Por Hugo Alday Nieto

En el año 2017 “Residente” (René Pérez Joglar, de “Calle 13”), con todo su arsenal de Grammy´s, compuso una joya de canción de 1900 palabras llamada “La Cátedra”, en la que le responde a un reguetonero llamado Tempo dándole, como su nombre lo indica, una verdadera cátedra de teoría política, de historia, de música, de ortografía y de geografía.

Esta cátedra fue bien ganada por el reguetonero después de haberle dedicado al Residente más de 6 minutos de amenazas, sin tener la capacidad académica y musical suficiente para sostener sus acordes por mucho tiempo, después de la respuesta dura, puntual y muy sarcástica de Residente.

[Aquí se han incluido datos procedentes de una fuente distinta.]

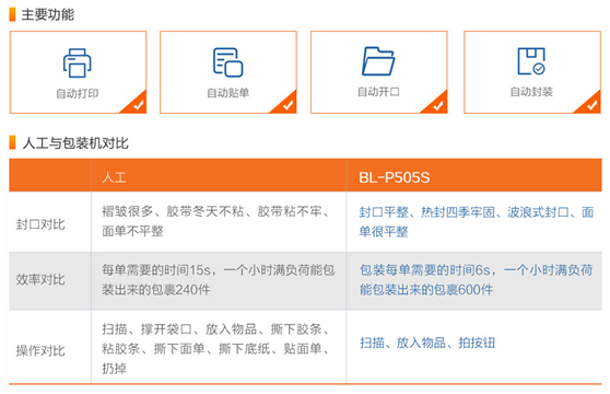 速度;能熱熔封口,配合專業(yè)連卷袋包裝,防損壞且能防盜;能在包裝完成后可由流水線傳送。

Este tema viene a colación en estos días, después de que el secretario general de acuerdos de la Suprema Corte de Justicia de la Nación, de forma elocuente, pero firme y contundente, le diera respuesta a la secretaria de gobernación respecto del comunicado que como titular de esa dependencia de la administración pública centralizada le notificara al titular del Poder Judicial Federal.

Artículo 127

El objeto de dicha comunicación se refiere al contenido del artículo 127 de la Carta Magna, que versa sobre los sueldos y emolumentos de los servidores públicos, y que de conformidad con dicho ordenamiento no puede ser mayor a los ingresos del titular del ejecutivo federal.

División de poderes

La respuesta del Poder Judicial es para quienes somos estudiosos del derecho, una verdadera cátedra en materia de interpretación del derecho constitucional y administrativo, la que, de forma didáctica le explica a la titular de la secretaría de gobernación primeramente que los artículos en los que sustenta su solicitud son erróneos en cuanto al contenido de su petición.

Enseguida, funda y motiva con claridad que el contenido es meramente vinculante a las dependencias y entidades de la administración pública, haciéndole un recordatorio de la forma de gobierno de este país y, asimismo, del significado de la división de poderes vigente en todas las constituciones liberales de nuestra historia y que emana de la ilustración.

Es decir, le explica con todos los fundamentos que los Suprema Corte es la cabeza del Poder Judicial, y por ende, no forma parte del Poder Ejecutivo, con lo cual no resulta vinculante su solicitud. Sin duda, una fuerte llamada de atención a los asesores legales de la secretaría de gobernación por no haber asistido a las clases de derecho constitucional y teoría del estado.

Más aún, la respuesta de la Corte retoma el contenido de sendas controversias constitucionales 105/2018 y 108/2018 en las que deja claro que la remuneración no solo comprende al salario en bruto, sino a todas las prestaciones como alimentos, transporte, gasolina, habitación, menaje de casa, servicios de seguridad y de salud, entre otros.

Resulta pues lamentable que, dadas las circunstancias actuales en un país, en que se pretende culpar a la Suprema Corte de los errores de forma y de fondo en procesos legislativos, se tenga este tropiezo por parte de la dependencia en cargada de la política interior con una seria equivocación respecto de los fundamentos constitucionales en los que se sustentan sus facultades y, más aún, en cuanto a la división de poderes.

Sin lugar a dudas el área jurídica tendrá que ponerse más atenta para evitar situaciones futuras, ya que en este primer desencuentro vemos que la vida sigue, como siguen las cosas que no tienen mucho sentido.